I almost painted but decided to keep it white to match with the stem and lefty clamps both also white. I'll see how it looks later! Thanks


----------



## andrepsz (Jan 28, 2013)

With sun light:


----------



## andrepsz (Jan 28, 2013)

FYI
Standard rear shifting cable after cut:









Power cordz uncut:









Hope this works! Any feedback from powercordZ users on rear?


----------



## phlegm (Jul 13, 2006)

andrepsz said:


> With sun light:


Now you're just showing off that you have sunshine - and what's that green stuff? Grass, actual grass? Haven't seen that for months in Canada.

Officially hate this thread now.


----------



## andrepsz (Jan 28, 2013)

*69er Scott Spark <20lbs*



phlegm said:


> Now you're just showing off that you have sunshine - and what's that green stuff? Grass, actual grass? Haven't seen that for months in Canada.
> 
> Officially hate this thread now.


Fake grass...your are funny!


----------



## andrepsz (Jan 28, 2013)

*69er Scott Spark <21lbs*

Internal cable routing done for both rear der. and brake


----------



## andrepsz (Jan 28, 2013)

*69er Scott Spark <21lbs*

Finished! 18.9lbs









to sand down BB to fit swork crank
















Carbon stem cap doing its trick 








Running shifting and brake cable internally...much cleaner look


----------



## phlegm (Jul 13, 2006)

Some great innovations along the way. Scary thought re sanding down the BB area as there's no going back.

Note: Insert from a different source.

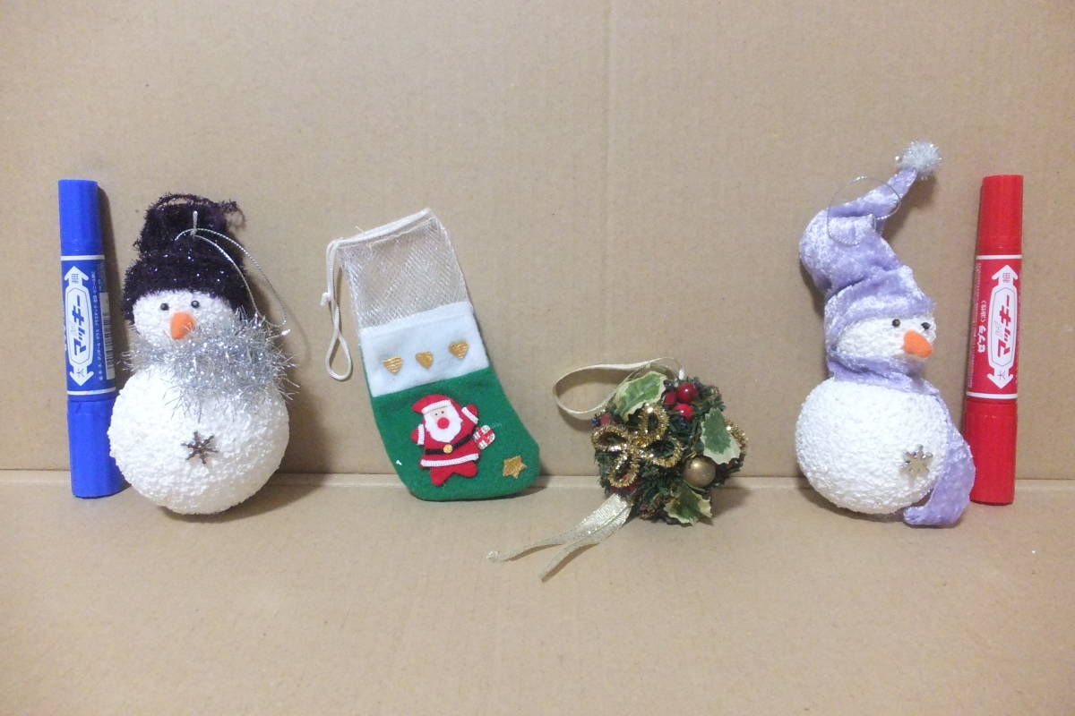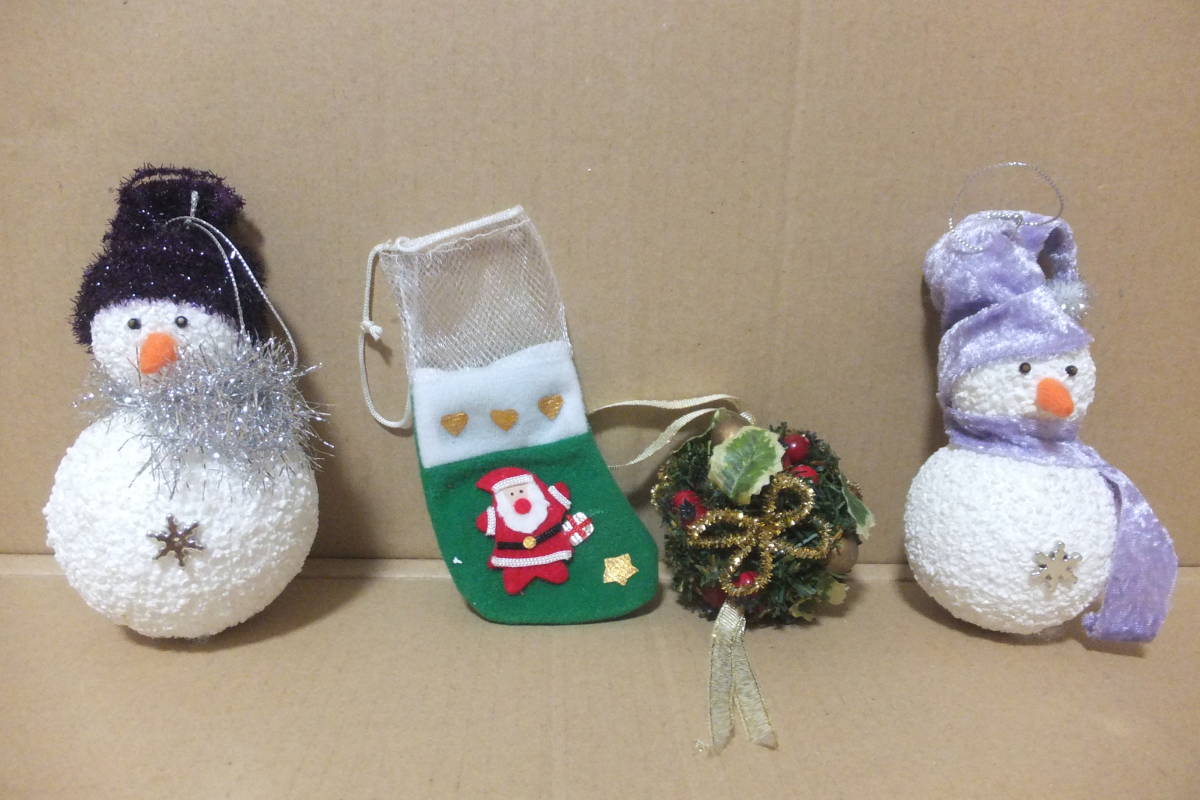 中古 【クリスマスツリー オーナメント 4点】 雪だるま 2点、靴下、松ぼっくり(?) 飾り付け | |
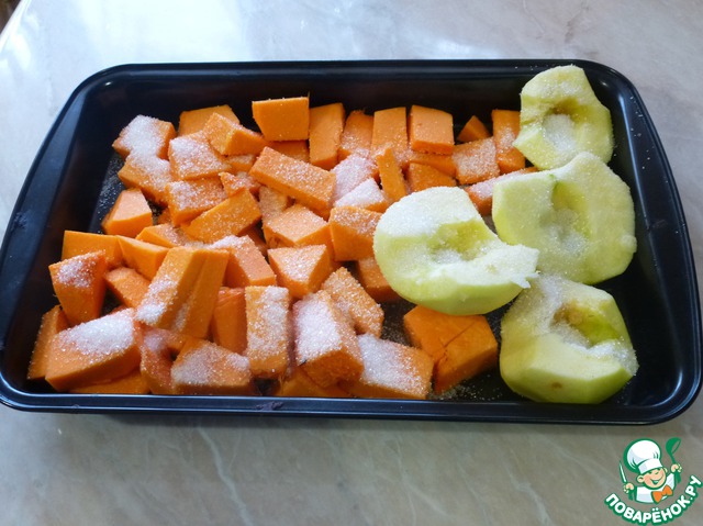 Уложить тыкву и яблоко на противень, посыпать сахаром и запекать в духовке около 40 минут при температуре 180 градусов.

BTW, you really have to clean those tires prior to taking a final "glamour shot" of the build. 

Thx for a fun topic.


----------



## andrepsz (Jan 28, 2013)

Why going back? lol

It was indeed scary to do it because I never tried this before, but I'm sure there is a way to go back since the difference now is only 1.5mm from before...just need to add spacers.

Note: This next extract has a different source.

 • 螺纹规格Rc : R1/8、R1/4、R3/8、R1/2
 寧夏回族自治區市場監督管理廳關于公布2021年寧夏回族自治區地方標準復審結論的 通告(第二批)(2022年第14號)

I keep thinking to myself that there is actually no sense on BB92, its a huge lack of options when looking for cranks out there. Now this frame can go with a lot more of them!

Bright side...I liked my new tool...probably not using to sand down any other frames but here is the solution anyways.

I'll take better pics!


----------



## TigWorld (Feb 8, 2010)

Excellent. That BB mod / sanding tool is excellent.


----------



## andrepsz (Jan 28, 2013)

Awesome first ride after modification. First major difference was the rear shock, for better! 
Crank installation was an absolute success and the drop stop chainring is working like a charm, no chain drops at all. About 300g was shaved on this process, and much cleaner look with internal cable routing and frame look. Like it!


----------



## andrepsz (Jan 28, 2013)

Wait what?!









Decided to try this because I still like the lever feature on seatclamps..

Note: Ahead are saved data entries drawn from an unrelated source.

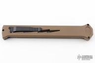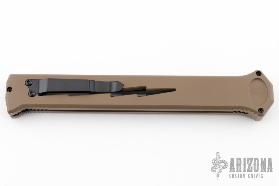 Joining the Estiletto OTF lineup is this fantastic model with a USA cutout on the tan anodized aluminum body with black hardware/clip and a black coated clip point blade with plain cutting edges.
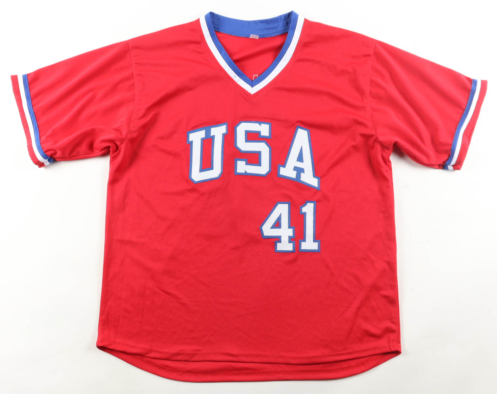 Custom jersey with everything sewn on, size XL. Hand signed by Mark McGwire (Team USA).
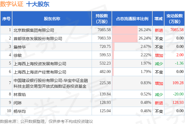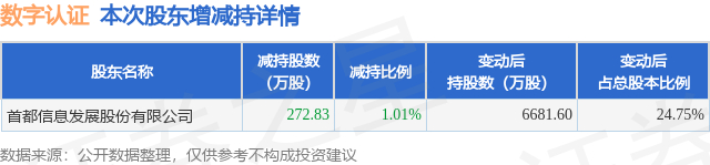 证券之星消息,12月26日数字认证发布公告《数字认证:关于公司大股东减持股份触及1%整数倍的公告》,其股东首都信息发展股份有限公司于2025年12月5日至2025年12月25日间合计减持272.83万股,占公司目前总股本的1.0105%,变动期间该股股价上涨1.0%,截止12月25日收盘报29.38元。

Original washer used on spark frames to secure cable and work with bottle cage... since it's no longer needed now is pairing with a front wheel quick release lever left over (because a have the lefty). Perfect combo since the washer has a concave face, fully working and holding seatpost well and strong.

















21g is actually lighter then a 38mm X-Clamp QR EVO 38...and I'm still using a M5 stainless steel rod, with a Ti rod would go under 20g for sure!


----------



## andrepsz (Jan 28, 2013)

8650g with comfort rolling on 2.25/2.40 tire, bottle cage and CPU.


----------



## andrepsz (Jan 28, 2013)

Second attempt to run a 29er/front on this bike but this time with a more 'proper' geometry. The first time (you can see in the beginning of this thread) I didn't do anything to compensate the taller front, wish was somehow 'not perfect' specially going uphill weeling sometimes.

Quick note on this front wheel: I totally scored!....my first 29er wheel was 703g (with tape and valve, no tire) and was with ZTR Crest rim and Cannondale Lefty Hub ...sold it a while ago...and now I just got this one for $170 with tire and the new wheel weight 594g (with tape and valve, no tire)....same Crest rim and Dale lefty Hub).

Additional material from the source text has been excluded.